Directors Duties and Transactions at an undervalue: Re Marylebone Warwick Balfour Management LTD

Directors Duties and Transactions at an undervalue: Re Marylebone Warwick Balfour Management LTD


A claim was brought against the directors of Marylebone Warwick Balfour Management Ltd (the Company) in relation to their involvement in a tax avoidance scheme. The claim was initially brought by the liquidator against all seven directors, although four had settled the claims against them before trial.

Facts of the case

The Company utilised a scheme that paid employees and directors in a way that reduced the liability for PAYE income tax and National Insurance contributions (NICs) of both the Company and its employees. The Company used the scheme over an 8 year period from 2002 to 2010. The Company took advice from accountants as to the success of the scheme in mitigating tax liabilities, and their advice was consistently positive although success was not guaranteed.
The Company and its directors claimed the purpose of the scheme was to keep the management team together whilst winding the business down by creating a financial incentive; the directors’ net remuneration was greater as a result of the scheme. The liquidator argued that the true purpose of the scheme was to camouflage distributions to the directors. The liquidator brought the following claims:
1. Section 172 Companies Act 2006 – breach of director’s duties to promote the success of the Company (the Section 172 Claim);
2. Section 423 Insolvency Act 1986 – transaction at an undervalue; (the Section 423 Claim)
3. Section 177 Companies Act 2006 – failing to disclose an interest in a proposed transaction (the Section 177 Claim).
The claims were all dismissed by the Court. It was decided that the purpose of the scheme was in fact to keep the management team together, and that the professional advice received by the Company from the accountants could be relied upon as it was given in good faith. Therefore, the Section 172 Claim failed.
It was not disputed that the practical effect of the scheme meant all profits of the Company were paid out leaving nothing for HMRC as a creditor, but this was not found to be the purpose of the scheme, so the Section 423 Claim also failed. The Section 177 Claim was also unsuccessful because the failure to disclose an interest in the proposed transaction did not exacerbate the Section 172 Claim for breach of director’s duties.

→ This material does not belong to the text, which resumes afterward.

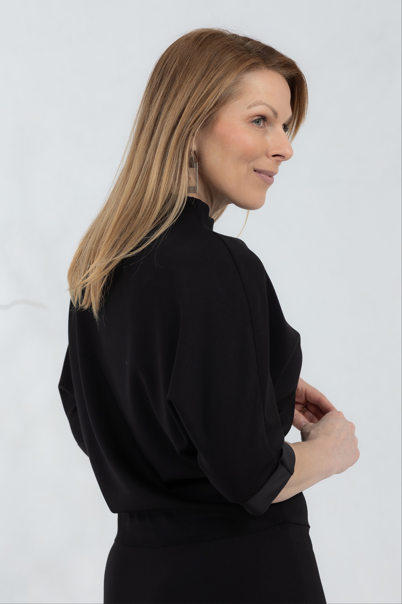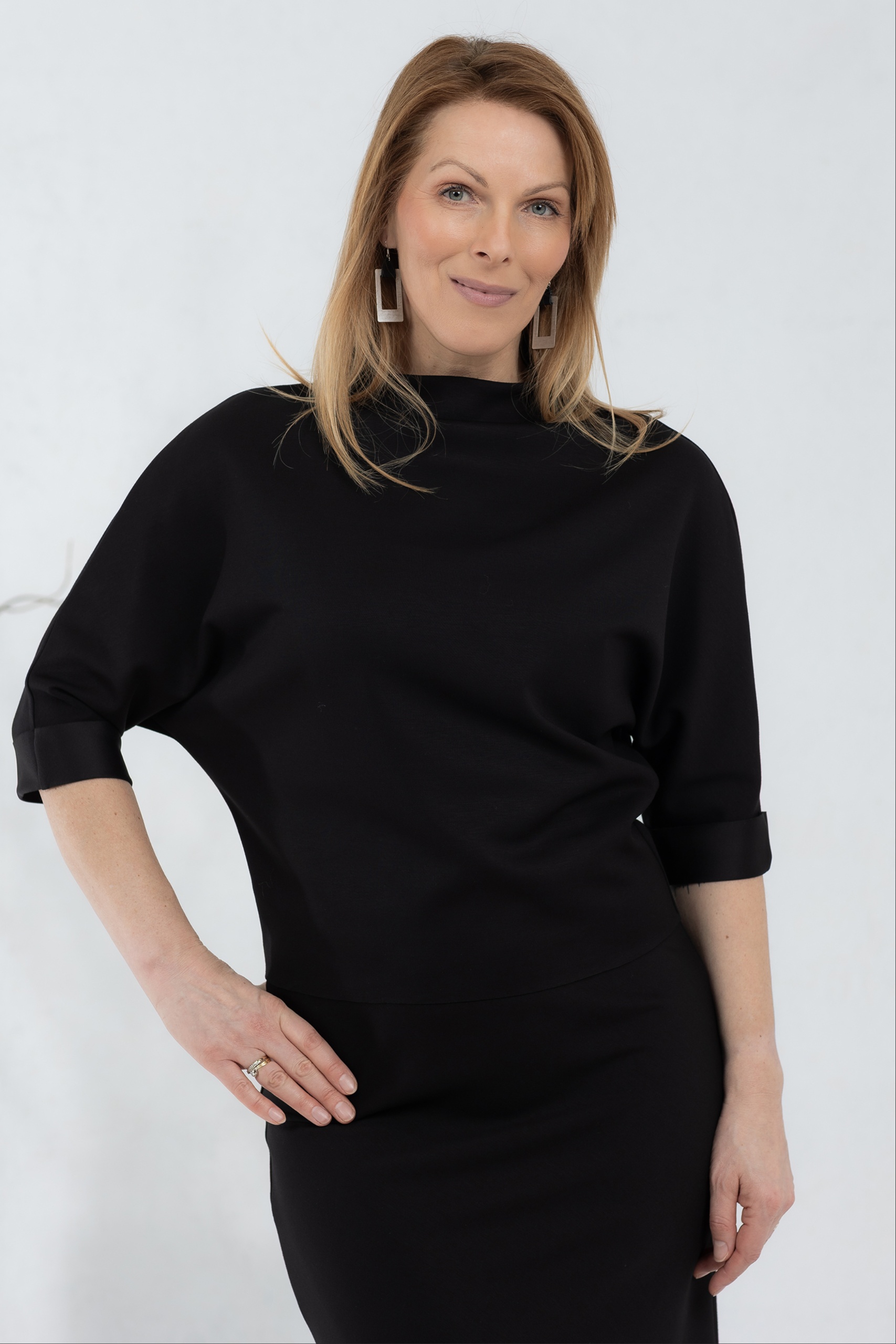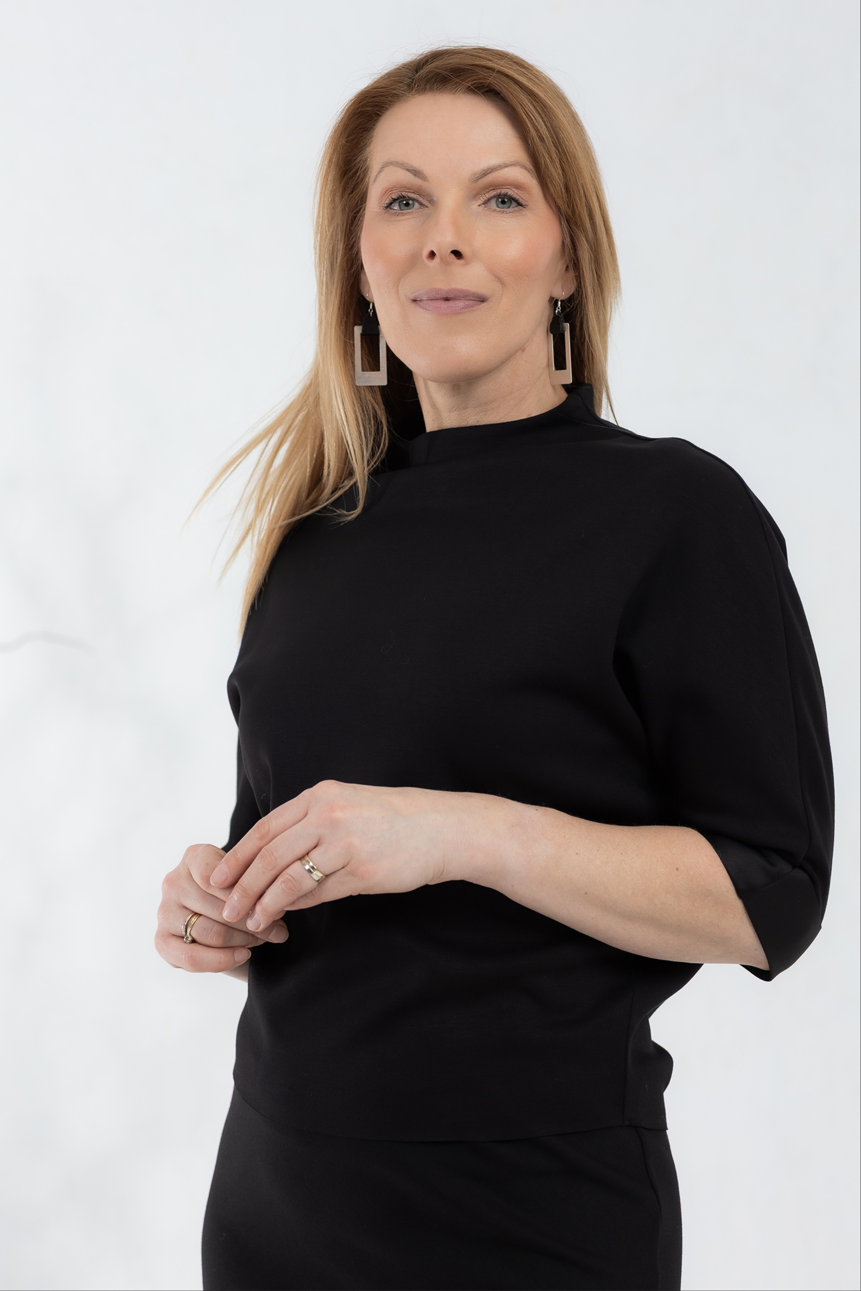 Kaori is a blouse with a modern and clean silhouette, made from ultra-soft scuba viscose fabric, offering a beautiful shape and exceptional comfort. The slight V-neckline and minimalist high neckline create an elegant and timeless silhouette. The half-length sleeves add balance and make the blouse suitable for both the workday and more formal moments. The stretchy and form-fitting material follows the figure and stays beautiful and finished all day long. The bottom and sleeve ends of the blouse are untreated, creating a fashionably simple and stylish look.

This case is a reminder of the importance of “purpose” in claims under section 423. Section 423(3) states that the Court must be satisfied that the relevant transaction was entered into for the purpose of putting assets beyond the reach of a creditor or otherwise prejudicing their interests (the Prohibited Purpose). 
There is authority from Hashmi [2002] EWCA Civ 981 that the Prohibited Purpose does not have to be the dominant purpose; and the Judge, in this case, clarified that the test is simply whether the purpose of the scheme satisfies the definition of Prohibited Purpose in the statute. This applies whether it is the sole purpose, or one of several purposes (either dominant or ancillary). However, if no Prohibited Purpose can be established, the section 423 claim will fail.